My neck was stiff,my head throbbed, and my body was jerky as I walked to baggage claim and grabbed my luggage. Instead of a cab, I caught a shuttle to the hotel. It was even warmer and more humid in Tampa than it was in New Orleans.

All the thoughts about Jake were back with a vengeance. I pinched my lower lip, remembering his delicious mouth on mine. I could somehow smell his skin, hear his voice, and picture his infrequent smile. I’d turned off my cell phone for the flight and chose to keep it off afterward, knowing he would be calling me by then.

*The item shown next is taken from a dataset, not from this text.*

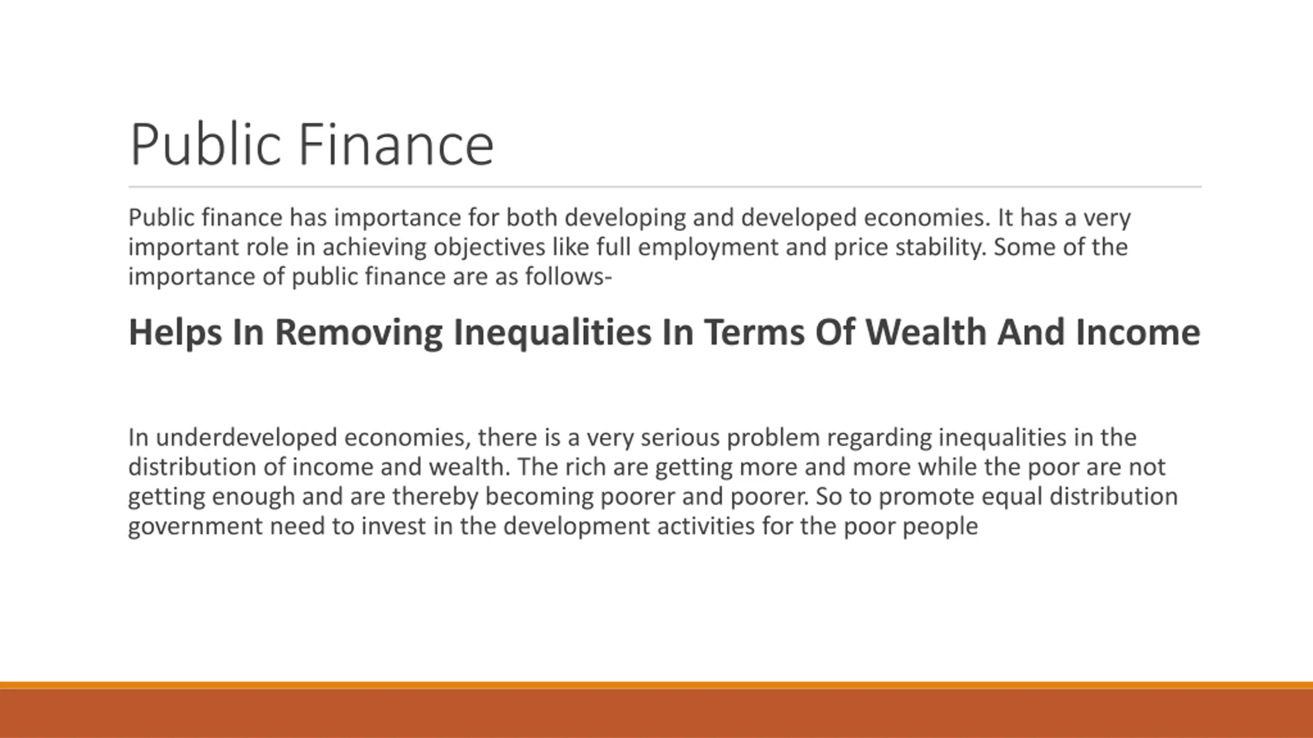Public Finance Public finance has importance for both developing and developed economies. It has a very important role in achieving objectives like full employment and price stability. Some of the importance of public finance are as follows- Helps In Removing Inequalities In Terms Of Wealth And Income In underdeveloped economies, there is a very serious problem regarding inequalities in the distribution of income and wealth. The rich are getting more and more while the poor are not getting enough and are thereby becoming poorer and poorer. So to promote equal distribution government need to invest in the development activities for the poor people

I couldn’t deal with trying to figure out whether he could be trusted. My eyelids grew heavier by the moment, and I couldn’t stop yawning. I had to force myself to put Jake in a box and deal with him when I was emotionally able to. The next morning, Christine and I would drive over to the coroner’s office together. Our appointment to identify the body of Mary Louise Ross was at ten a.m.

I tried to remember what my mom looked like. It was almost as if over the years, she’d become a faceless and bodyless aberration. My mom had been hooked on drugs, but which ones, I didn’t know. A daughter should’ve known, but not me. I never knew much about her—where she grew up, how she met my father, nothing. I’d been sent to boarding school at the age of thirteen. My aunt Christine had paid for it. But before then, my mom used to drag me around the smallest and poorest towns in Southern California. I never knew why we moved so much. She never worked a real job.

Suddenly, my mind fed me snapshots of Mary and certain men. I remembered one guy her age who stared at me as if he wanted to cart me off and never bring me back. Mary had slapped him, pulled a gun on him, and told him to leave and never come back. Once he was gone, she gathered me into her arms. Later, we took a long bus ride to somewhere else, and she hugged me close as I slept on the way to our next destination. Or maybe she didn’t hug me so close. I couldn’t remember.

My sinuses tightened, and I squeezed the bridge of my nose as tears slid down my cheeks. Then I swiped my face, though I was the only passenger on the shuttle, so I didn’t have to worry about sparking a fellow rider’s curiosity.

I wondered why, after so many years, I had remembered that. Then another memory I always tried not to think about came to me. My mom used to always make me sit here or there, usually somewhere in public, while she ran an errand that took her away for hours. How a child could sit in one place for that long, I had no idea, but that was exactly what I had done. Her instructions were to never talk to or go anywhere with anyone unless that person was Aunt Christine. I must’ve asked her about a police officer, because she advised me to run away from them too. If she didn’t return at the time she showed me on my watch, then I was to go into a store she had identified for me and tell the nice lady behind the cash register that I needed help and then give her an envelope.

She always made me keep that envelope folded and in my pocket, and I still had it. I had no idea why I’d kept it for so many years, but it was in my closet, inside a banker’s box where my birth certificate, social security card, old report cards, and stuff like that were stored. I had never opened the letter. Just thinking about it made my scalp prickle. I took a deep breath in through my nostrils and let the air clear my brain. Maybe I was ready to read it. As I released the breath, I decided to open the soiled and ragged envelope and read the contents as soon as I returned to New Orleans—or maybe not.